When two circles are drawn close to each other, several interesting things can happen. They might cut each other at two points, touch each other at exactly one point, or not meet at all. In this section, we will study how two circles interact depending on how far apart they are and how big they are.

We will learn how to find out whether they intersect, and if they do, how they meet—at what angle, and whether they are orthogonal (i.e., meet at right angles). We will also look at important ideas like the common chord if they intersect, or common tangents if they don't. We will define and use the concept of the radical axis.

Relative Location of Two Circles

To understand how two circles behave when placed in a plane, the first and most natural question is: how are they positioned relative to each other?

Let us consider two circles:

\[ S_1: (x - x_1)^2 + (y - y_1)^2 = r_1^2 \quad \text{and} \quad S_2: (x - x_2)^2 + (y - y_2)^2 = r_2^2 \]

Here, \( C_1(x_1, y_1) \) and \( C_2(x_2, y_2) \) are the centres of the circles, and \( r_1, r_2 \) are their respective radii. The distance between the centres is denoted by

\[ d = C_1C_2 = \sqrt{(x_2 - x_1)^2 + (y_2 - y_1)^2} \]

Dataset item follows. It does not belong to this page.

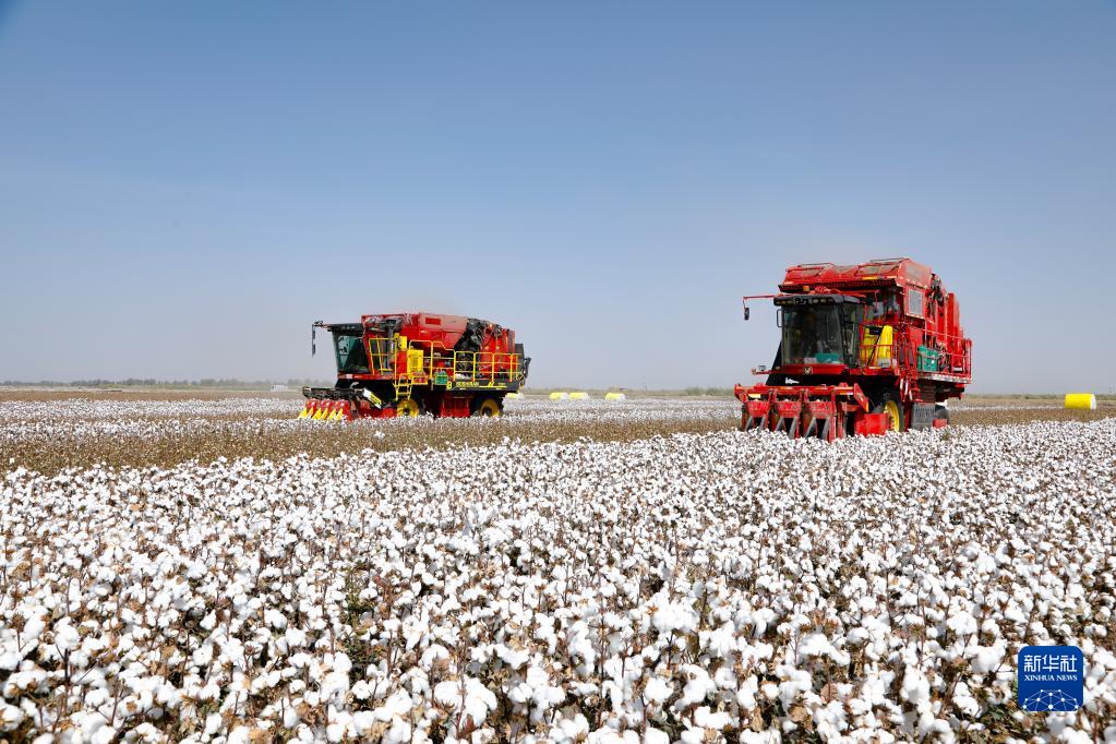 在新疆巴音郭楞蒙古自治州尉犁县兴平镇统其克村,两台国产采棉机在采收棉花(2022年9月30日摄)。新华社发(汪志鹏 摄)

This distance \( d \), together with the sizes \( r_1 \) and \( r_2 \), determines the mutual position of the two circles. There are five possibilities:

Case I: The circles are externally apart

When the distance between the centres is more than the sum of the radii:

\[ d > r_1 + r_2 \]

The circles are far from each other and do not touch or intersect.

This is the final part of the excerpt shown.